Material for this exercise
----------------
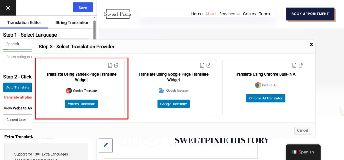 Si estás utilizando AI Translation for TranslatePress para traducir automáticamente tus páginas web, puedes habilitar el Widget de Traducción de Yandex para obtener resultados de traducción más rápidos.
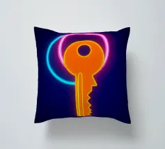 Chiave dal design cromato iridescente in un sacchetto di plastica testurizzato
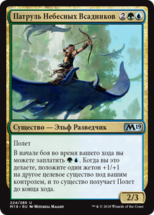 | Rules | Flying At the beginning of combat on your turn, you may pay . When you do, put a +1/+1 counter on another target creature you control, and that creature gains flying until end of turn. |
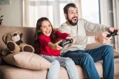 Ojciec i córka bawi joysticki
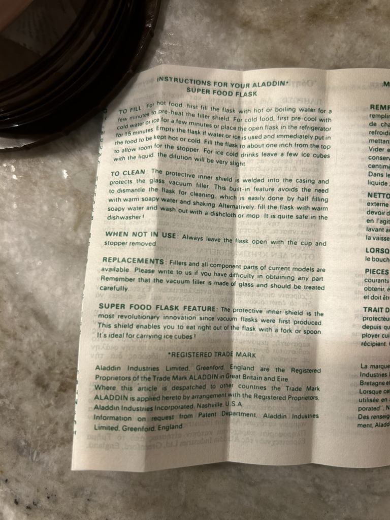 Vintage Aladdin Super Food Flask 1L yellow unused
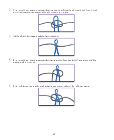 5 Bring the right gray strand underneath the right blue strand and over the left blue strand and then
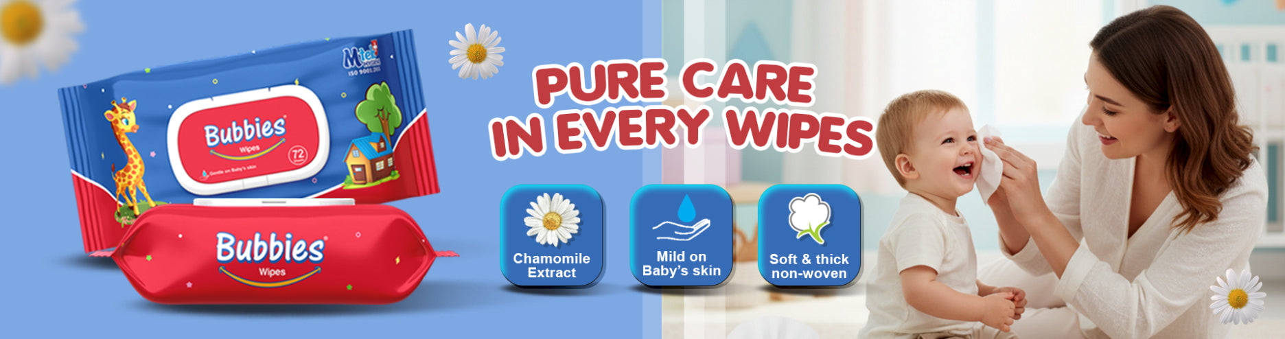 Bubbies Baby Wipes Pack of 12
----------------
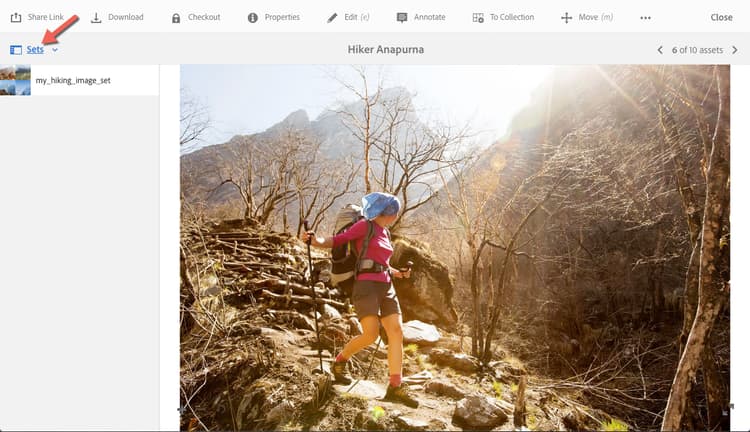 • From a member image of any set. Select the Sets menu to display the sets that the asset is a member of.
----------------
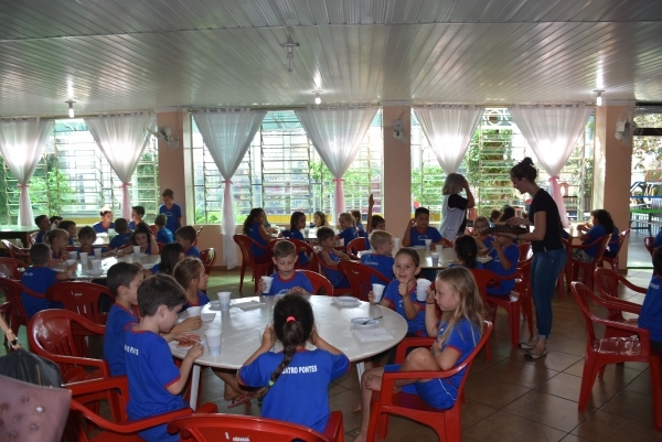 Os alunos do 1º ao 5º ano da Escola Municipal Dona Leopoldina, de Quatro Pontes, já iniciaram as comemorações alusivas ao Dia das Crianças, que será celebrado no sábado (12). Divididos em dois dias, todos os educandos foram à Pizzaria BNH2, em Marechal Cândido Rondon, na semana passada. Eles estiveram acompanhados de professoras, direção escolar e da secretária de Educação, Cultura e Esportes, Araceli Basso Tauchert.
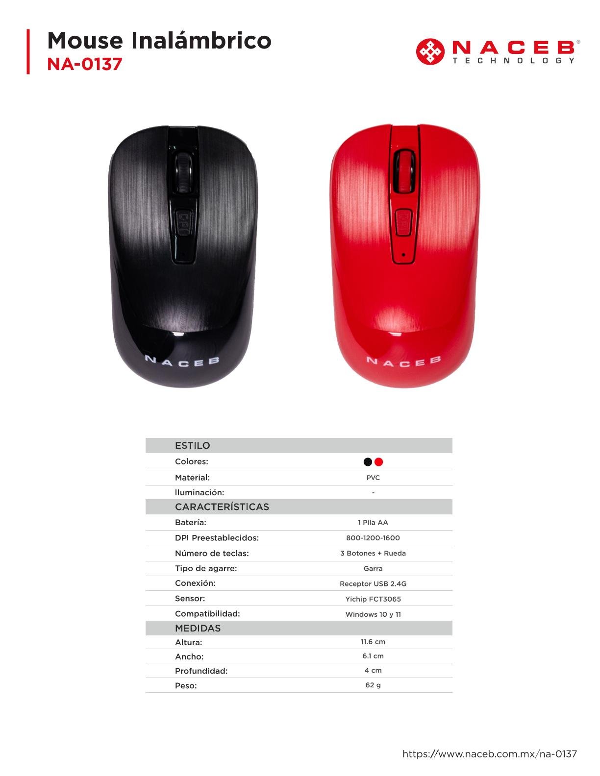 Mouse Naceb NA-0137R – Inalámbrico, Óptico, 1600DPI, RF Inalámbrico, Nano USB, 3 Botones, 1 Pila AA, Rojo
----------------
Exercise details
In the data above, start at the line holding "5 Bring the" and stop after the line holding "Bubbies Baby Wipes Pack of 12"; write out those lines exactly, without pictures.

Solution below
 5 Bring the right gray strand underneath the right blue strand and over the left blue strand and then
 Bubbies Baby Wipes Pack of 12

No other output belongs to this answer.